--- START ---

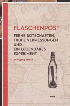
③ Wolfgang Struck: Flaschenpost. Ferne Botschaften, frühe Vermessungen und ein legendäres Experiment. Mare 2022
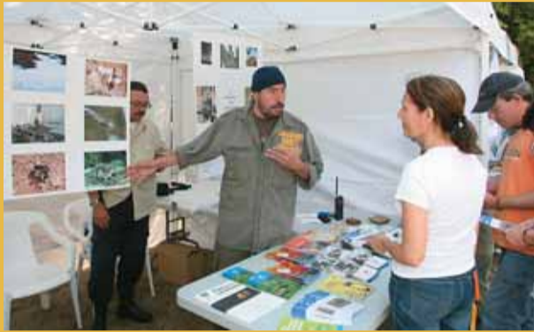
Un dels punts informatius al parc del Llac.

Al Masnou es van celebrar diversos actes amb motiu del Dia Mundial del Medi Ambient, el 5 de juny. El cicle es va iniciar amb la xerrada acompanyada d'una exposició sobre la presència del gamarús al Masnou. També dins la celebració d'aquesta diada, el diumenge 8 de juny, el parc del Llac va acollir una trobada d'entitats del municipi que treballen en temes relacionats amb el medi ambient. Hi va haver un punt informatiu sobre els residus al Masnou, es va inaugurar el sistema de recirculació d'aigua del parc i es va fer una demostració de com funcionen les cuines solars amb degustació de productes cuinats. A més a més, hi va haver jocs mediambientals per a la canalla i una actuació infantil.
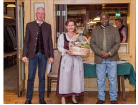
Gut geschätzt - und gewonnen!
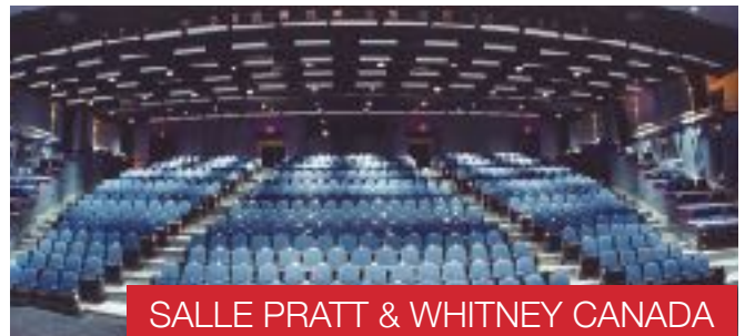
SALLE PRATT & WHITNEY CANADA
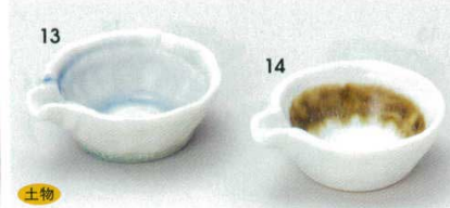
13 74-13-5B 380円 貫入三彩片口姫小付 240入 7.2×6.2×2.6cm 14 74-14-5B 380円 刷毛流し片口姫小付 240入 7.2×6.2×2.6cm
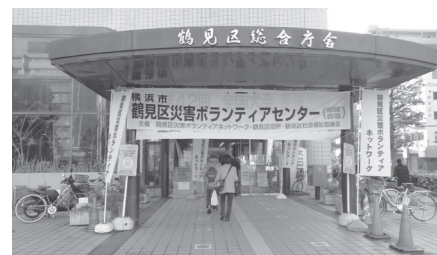
区役所1階 (=災ボラセンター) 入口
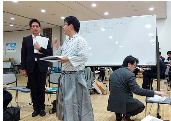
大青年フォーラム会当日の受付の様子
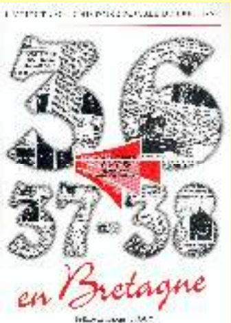
36-37-38 en Bretagne 10€
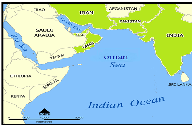
نقشه (۱) کشورهای سواحل دریای عمان

همان‌طور که در شکل شماره یک اشاره شده است؛ فرآیند هم‌گرایی در این مناطق ژئوپلیتیک دارای سطوح تدریجی و مراحل بالا است. از مرحله هم‌گرایی فنی، تخصصی آغاز می‌شود و در شرایط کاهش کدورت و افزایش صمیمیت بین اعضا و کشورهای منطقه به تدریج به سطوح بعدی و نهایتاً
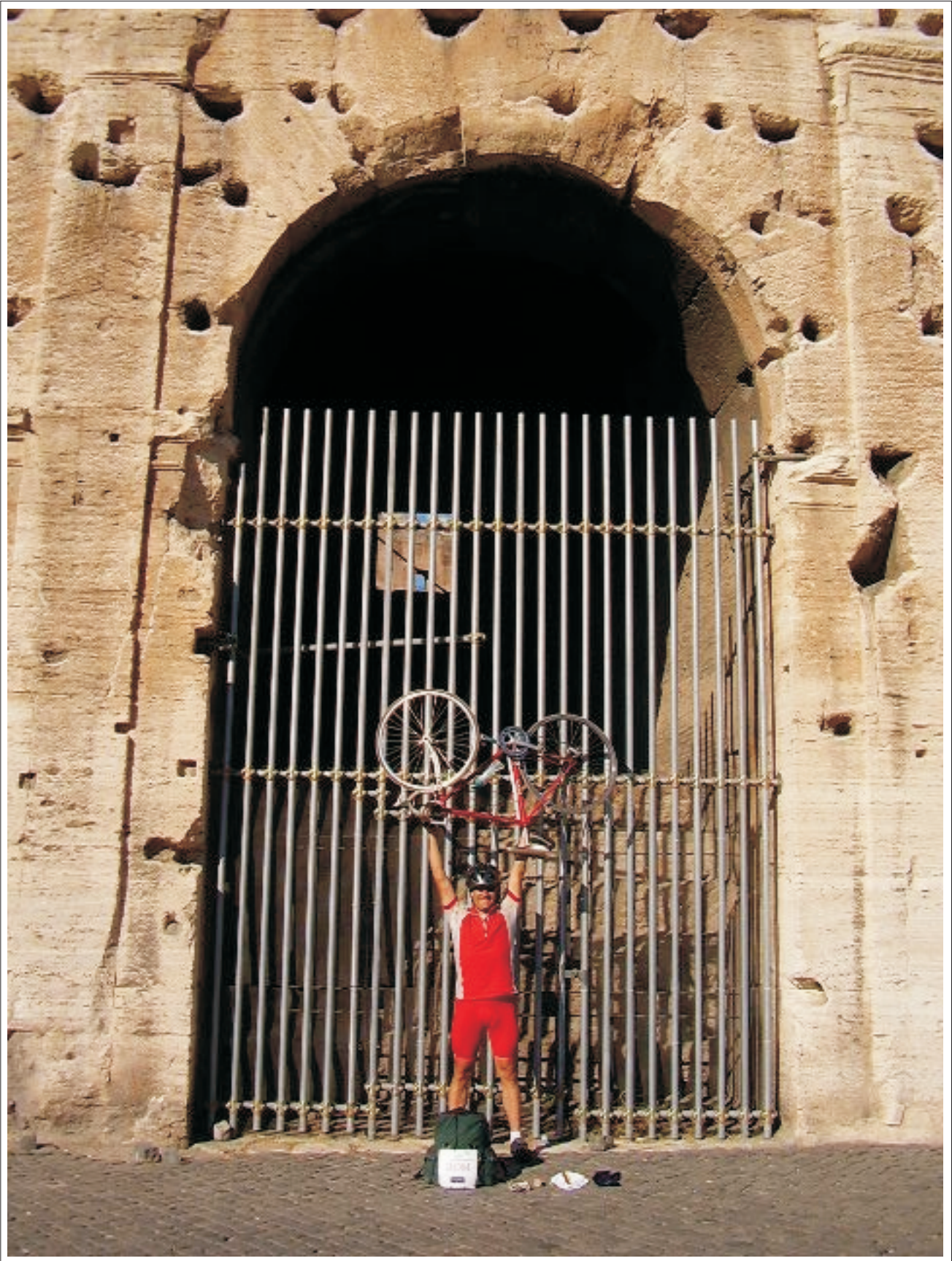
Ende und Neubeginn.

--- END ---

● About this task
Print the lines from the line with "大青年フォーラム会当日の受付の様子" to the end of the data above. Include both ends, exclude the pictures, and add nothing else.

● Solution for this task
大青年フォーラム会当日の受付の様子
36-37-38 en Bretagne 10€
نقشه (۱) کشورهای سواحل دریای عمان

همان‌طور که در شکل شماره یک اشاره شده است؛ فرآیند هم‌گرایی در این مناطق ژئوپلیتیک دارای سطوح تدریجی و مراحل بالا است. از مرحله هم‌گرایی فنی، تخصصی آغاز می‌شود و در شرایط کاهش کدورت و افزایش صمیمیت بین اعضا و کشورهای منطقه به تدریج به سطوح بعدی و نهایتاً
Ende und Neubeginn.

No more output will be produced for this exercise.